Me sentía un poco en la obligación de leer a Jon Fosse, uno de esos premios Nobel de los que hablan bien los lectores exigentes y circunspectos. Me retenían un poco mis últimas experiencias con escritores noruegos, sendas novelas de Hamsun y Knausgård, no precisamente alegres, sobre todo la de Hamsun (la otra tampoco, pero su tristeza era del tipo de las que hacen gracia, o dan risa), así como el tema de la única novela de Fosse que cayó en mis manos, Mañana y tarde, la muerte de un anciano contada en prosa elegíaca, con mucho ritornello poético, generoso polisíndeton y arbitraria puntuación, todo lo cual suele resultarme pretencioso y gratuito, salvo que lo haga Cormac McCarthy, claro, y a veces también cuando lo leo a él.
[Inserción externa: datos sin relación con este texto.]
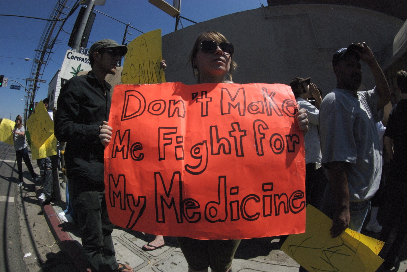 DEA raid on a medical marijuana dispensary in Hollywood, California. Description is from the Flickr photo set.

Pero no es el caso. Las peculiaridades narrativas de Fosse no abusan del ringorrango poético, más bien mecen la prosa como el ir y venir de las olas que mueren en la playa, y van elevándose con los mismos criterios con los que Poe construía sus poemas. De hecho, Mañana y tarde no es un mal ejemplo para ilustrar la Filosofía de la composición, si bien en este caso el cuervo que grita «Nevermore» es el viejo amigo que invita a dar un paseo en barca, y la Annabel Lee que murió en mitad de una nota lírica es la abnegada esposa del pescador.
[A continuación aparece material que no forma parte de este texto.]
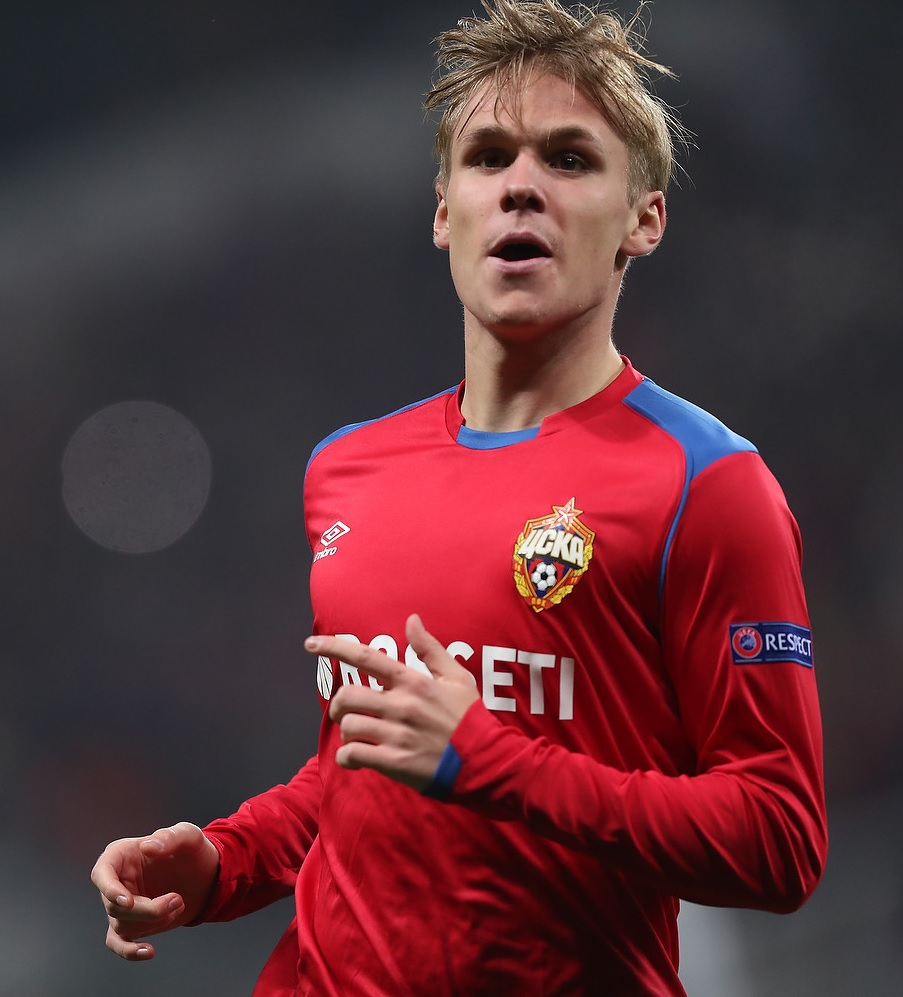 Arnór Sigurðsson with PFC CSKA Moscow in a game against A.S. Roma.

La novela de Fosse cuenta, como sugiere desde el título, un alba y un ocaso, el nacimiento de Johannes, en los tiempos de Hamsun, y su muerte, ya jubilado, en los tiempos de Knausgård. El autor narra un parto antiguo, parto de cuento tolstoiano, de pescadores pobres y vecinas comadronas, pero casi todo el breve libro se ocupa de su adiós, un buen día que cree que se levanta de la cama… Fosse utiliza, muy a su manera nórdica, el mito de Caronte, el viejo amigo Peter, que lo lleva en su barco al último viaje, por mares estigios hacia la ensenada de los muertos, no sin antes viajar, como Eneas, a un infierno en el que las almas le sonríen, su esposa ya fallecida, o la mujer para la que pescaba los cangrejos más hermosos, y con la que alguna vez intentó tímidamente un acercamiento que no pudo cuajar. En el vestíbulo de la otra vida se juntan escenas de amor y de amistad, ingenuas imágenes de gente humilde, una vida de mucho trabajo y pocos motivos de frustración, muchos hijos que salieron adelante y una paga de jubilación que le permitió vivir bien al matrimonio hasta que ella murió. Fosse podía haber jugado al deplorable juego del todo ha sido un sueño, como en efecto es, pero tiene la delicadeza de usar una blanda ironía trágica e instalar al lector en la perspectiva del muerto ignorante de su propia muerte, el que se asusta de que los aperos de pesca no se hundan o las piedras traspasen el cuerpo de su amigo, y el que se va reconciliando poco a poco con la idea de que esos cigarrillos que disfruta probablemente sean los últimos. Pero aquí Eurídice no se desespera en su intento de volver a la vida, ni Orfeo entona un canto lúgubre. En esta muerte dulce que nos cuenta Fosse queda muy bien retratada esa resignación de quien tampoco se ha planteado muy a fondo nada en toda su vida, quizá porque desde el principio supo que la vida subía y bajaba, como las mareas, y salía y se ocultaba, como el sol, y que el horizonte no era tan grande como parecía, y un buen día al amigo de siempre le haría falta un corte de pelo que ya no tendría lugar. En la muerte los muertos nos sonríen compasivamente, como para ir diciéndonos sin hacernos daño el nuevo territorio frágil que pisamos, donde nada duele y nadie sufre.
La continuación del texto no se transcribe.